== Segment start ==

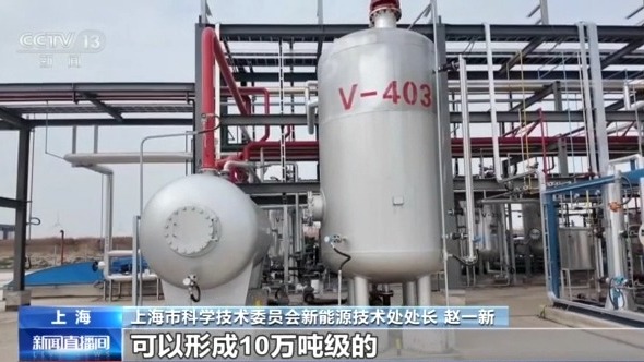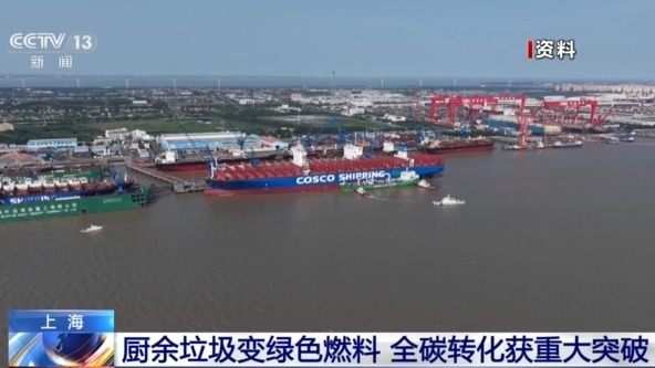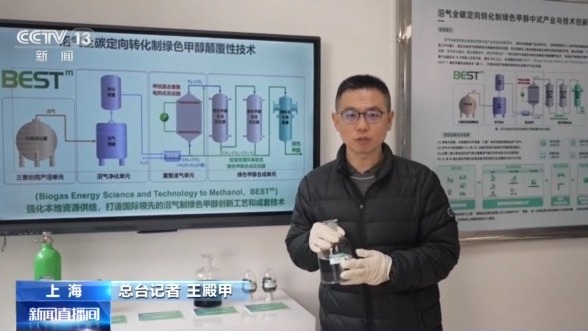 总台记者 王殿甲:我手里装的这瓶透明液体,就是本次绿色甲醇中试试验中取得的样品。经过第三方的检测,它的纯度高达99.99%。那么它的原料就来自于上海厨余垃圾产生的沼气,凭借其成本优势,一旦大规模量产,就能够大幅提升绿色甲醇在船用燃料领域的占有率。
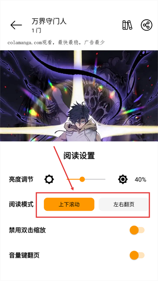 3、进入阅读界面后,上下滑动屏幕即可翻页观看漫画内容。
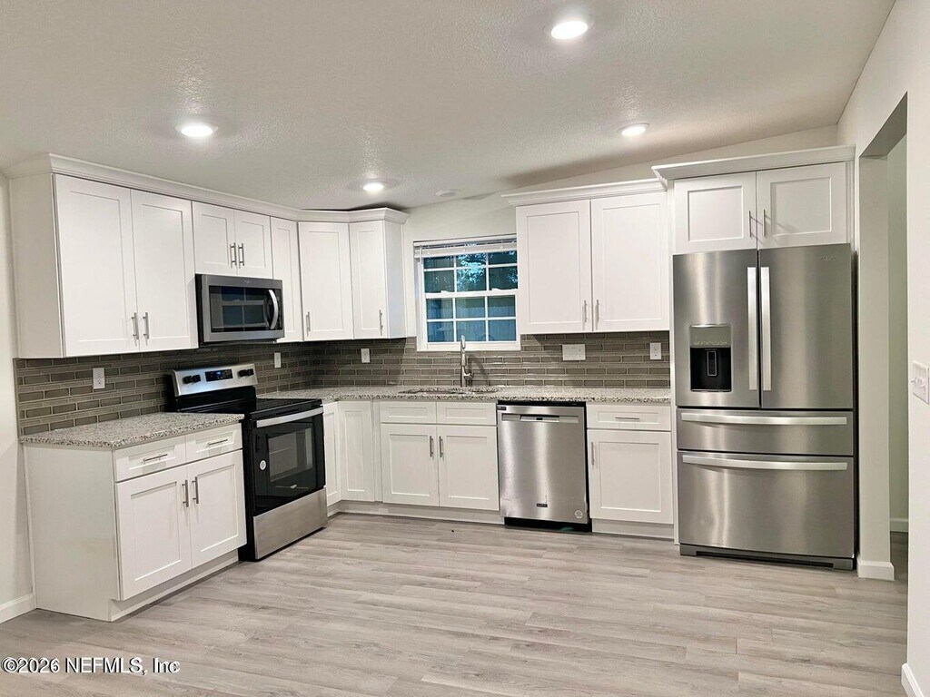 Amazing property split into TWO HOMES! This unique floor plan is a MUST SEE! It has a private entrance for each residence. The elevated level has 3 bedrooms & 1 bath. The lower level has 2 Bedrooms,1 bath plus a bonus room/office. Totally remodeled interior with new flooring,paint and light fixtures. Both kitchens are a chef's dream featuring granite countertops,deep sinks,nice faucets,white cabinets and modern stainless steel appliance packages! The bathrooms are unique with new tile,vanities,and toilets. The back yard is HUGE and perfect for entertaining! In between the units,there is a 1 car garage and a spacious shared laundry room. Plenty of parking in front plus extra parking space for a boat. The UTILITIES ARE NOT SEPARATED,this shared home is ideal for roommates or a family with in laws or college students. Centrally located under 10 miles from the Jacksonville Beaches,St. John's Town Center,and Downtown Jacksonville! Call today to prequalify to show. MLS# 2132972
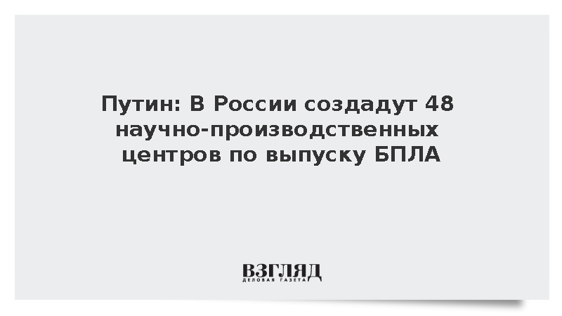 «Работа по проектированию, испытанию и серийному выпуску беспилотников будет вестись на базе особых научно-производственных центров. До 2030 года в разных регионах планируется создать 48 таких площадок», – передает ТАСС слова Путина.
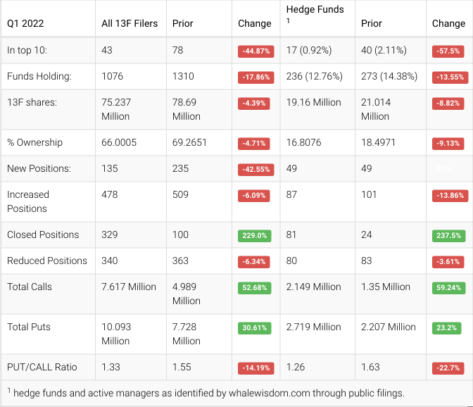 Shopify saw hedge funds selling in the first quarter of 2022, with the aggregate 13F shares held by hedge funds lowered to approximately 19.2 million from 21.0 million, a change of roughly 8.8%. Of the hedge funds, 49 were created, 87 were added, 81 closed, and 80 reduced their positions. Institutions sold and decreased their aggregate holdings by about 4.4% to approximately 75.2 million from 78.7 million.
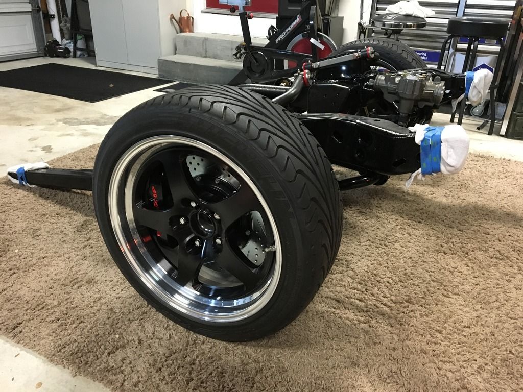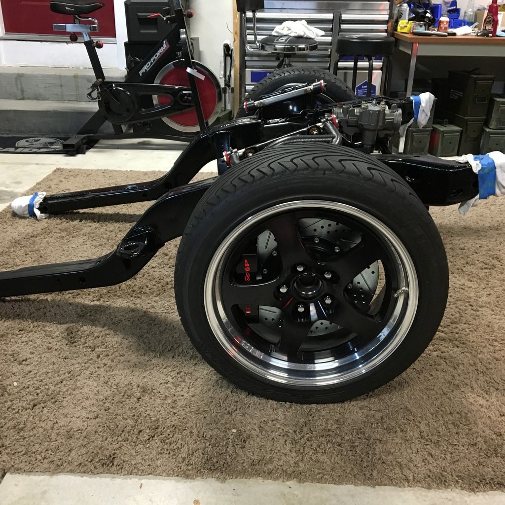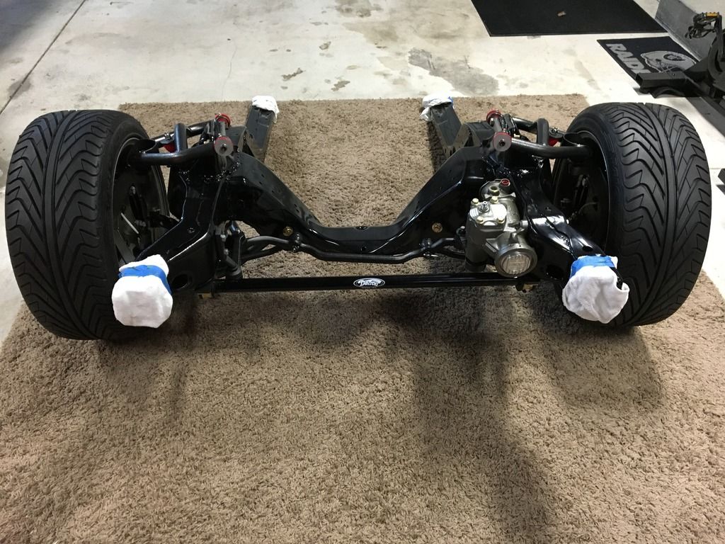 OK guys, Im back and forth on this... My car is over at Vince's shop(Mean Street Performance) having the Detroit speed Quadralink/Mini tub and metal work done, and Im getting ready for further actions. I have a stock front powder coated subframe, did the coil overs, Tubular control arms, AGR Box, DSE sway bar, CCP spindles with corvette hubs and baer brakes.. So car will be sweet.. question is, Its a 71 Formula, fiberglass hood(dual snout) and the 1 year only shark fins grills on the fenders. Should I put the wheel flares on the front and back?? I love the look, but havent had any real luck finding any good pics.. heres the sub frame waiting to head over to Vinces shop.. and by the way, Vince's shop is awesome.. the work that is going on over there... Mama Mia..
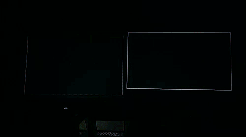 画面中可以看到坚果O1亮度确实低了不少,全黑画面下也出现了像液晶屏幕上那种“漏光”的情况。峰米R1也有,不过这是因为不是菲涅尔屏幕,不同角度幕布反光不均匀的外因导致的。
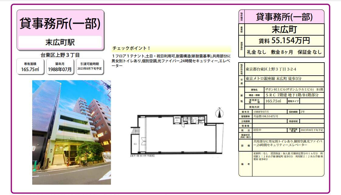 | 備考 | 1フロア1テナント土日・祝日利用可耐震構造(新耐震基準) 条件交渉ご相談ください。 |
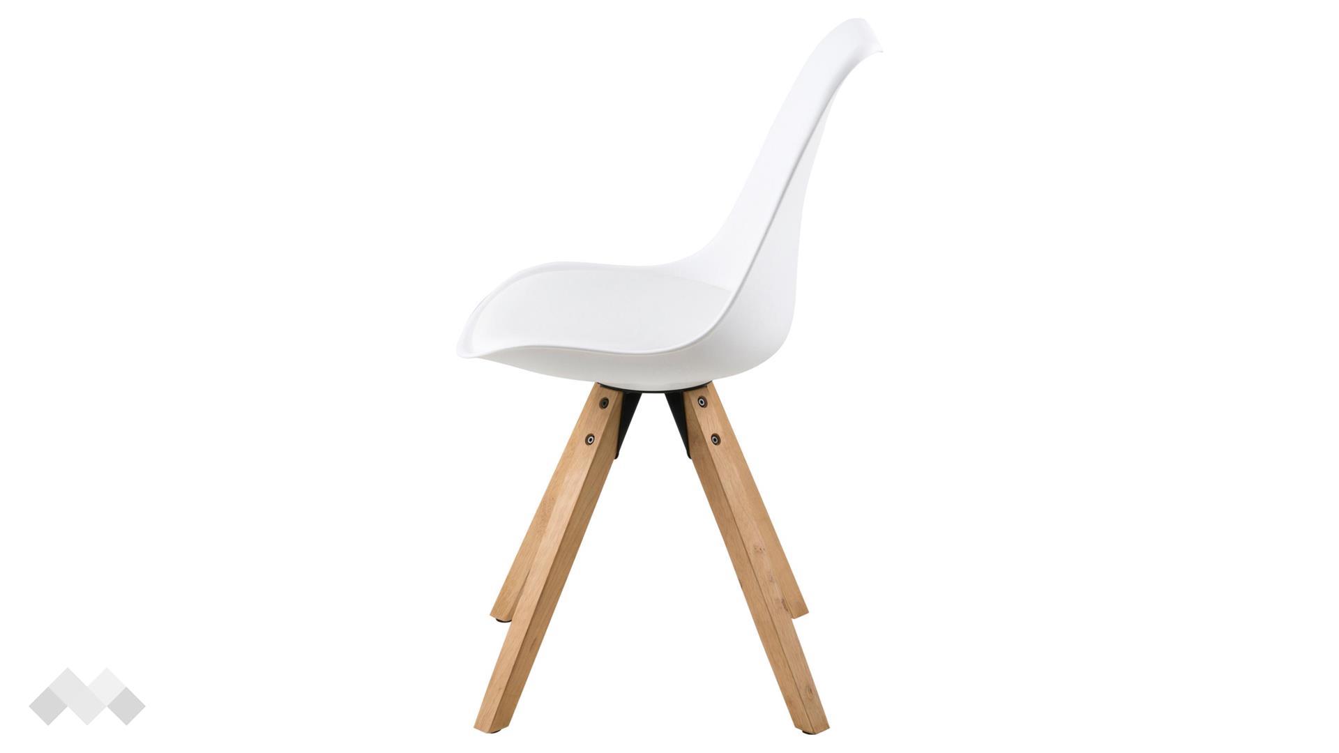 Седалката на стола е проектирана да осигурява стабилна опора, а фиксираната възглавница допринася за приятно изживяване при сядане. Здравата дървена основа с лакирано покритие гарантира устойчивост и допълва скандинавския стил на дизайна.

== Segment end ==

- **Task details**
Write out the records once more, word for word, though without the pictures they contain.

- **Your response**
 总台记者 王殿甲:我手里装的这瓶透明液体,就是本次绿色甲醇中试试验中取得的样品。经过第三方的检测,它的纯度高达99.99%。那么它的原料就来自于上海厨余垃圾产生的沼气,凭借其成本优势,一旦大规模量产,就能够大幅提升绿色甲醇在船用燃料领域的占有率。
 3、进入阅读界面后,上下滑动屏幕即可翻页观看漫画内容。
 Amazing property split into TWO HOMES! This unique floor plan is a MUST SEE! It has a private entrance for each residence. The elevated level has 3 bedrooms & 1 bath. The lower level has 2 Bedrooms,1 bath plus a bonus room/office. Totally remodeled interior with new flooring,paint and light fixtures. Both kitchens are a chef's dream featuring granite countertops,deep sinks,nice faucets,white cabinets and modern stainless steel appliance packages! The bathrooms are unique with new tile,vanities,and toilets. The back yard is HUGE and perfect for entertaining! In between the units,there is a 1 car garage and a spacious shared laundry room. Plenty of parking in front plus extra parking space for a boat. The UTILITIES ARE NOT SEPARATED,this shared home is ideal for roommates or a family with in laws or college students. Centrally located under 10 miles from the Jacksonville Beaches,St. John's Town Center,and Downtown Jacksonville! Call today to prequalify to show. MLS# 2132972
 «Работа по проектированию, испытанию и серийному выпуску беспилотников будет вестись на базе особых научно-производственных центров. До 2030 года в разных регионах планируется создать 48 таких площадок», – передает ТАСС слова Путина.
 Shopify saw hedge funds selling in the first quarter of 2022, with the aggregate 13F shares held by hedge funds lowered to approximately 19.2 million from 21.0 million, a change of roughly 8.8%. Of the hedge funds, 49 were created, 87 were added, 81 closed, and 80 reduced their positions. Institutions sold and decreased their aggregate holdings by about 4.4% to approximately 75.2 million from 78.7 million.
 OK guys, Im back and forth on this... My car is over at Vince's shop(Mean Street Performance) having the Detroit speed Quadralink/Mini tub and metal work done, and Im getting ready for further actions. I have a stock front powder coated subframe, did the coil overs, Tubular control arms, AGR Box, DSE sway bar, CCP spindles with corvette hubs and baer brakes.. So car will be sweet.. question is, Its a 71 Formula, fiberglass hood(dual snout) and the 1 year only shark fins grills on the fenders. Should I put the wheel flares on the front and back?? I love the look, but havent had any real luck finding any good pics.. heres the sub frame waiting to head over to Vinces shop.. and by the way, Vince's shop is awesome.. the work that is going on over there... Mama Mia..
 画面中可以看到坚果O1亮度确实低了不少,全黑画面下也出现了像液晶屏幕上那种“漏光”的情况。峰米R1也有,不过这是因为不是菲涅尔屏幕,不同角度幕布反光不均匀的外因导致的。
 | 備考 | 1フロア1テナント土日・祝日利用可耐震構造(新耐震基準) 条件交渉ご相談ください。 |
 Седалката на стола е проектирана да осигурява стабилна опора, а фиксираната възглавница допринася за приятно изживяване при сядане. Здравата дървена основа с лакирано покритие гарантира устойчивост и допълва скандинавския стил на дизайна.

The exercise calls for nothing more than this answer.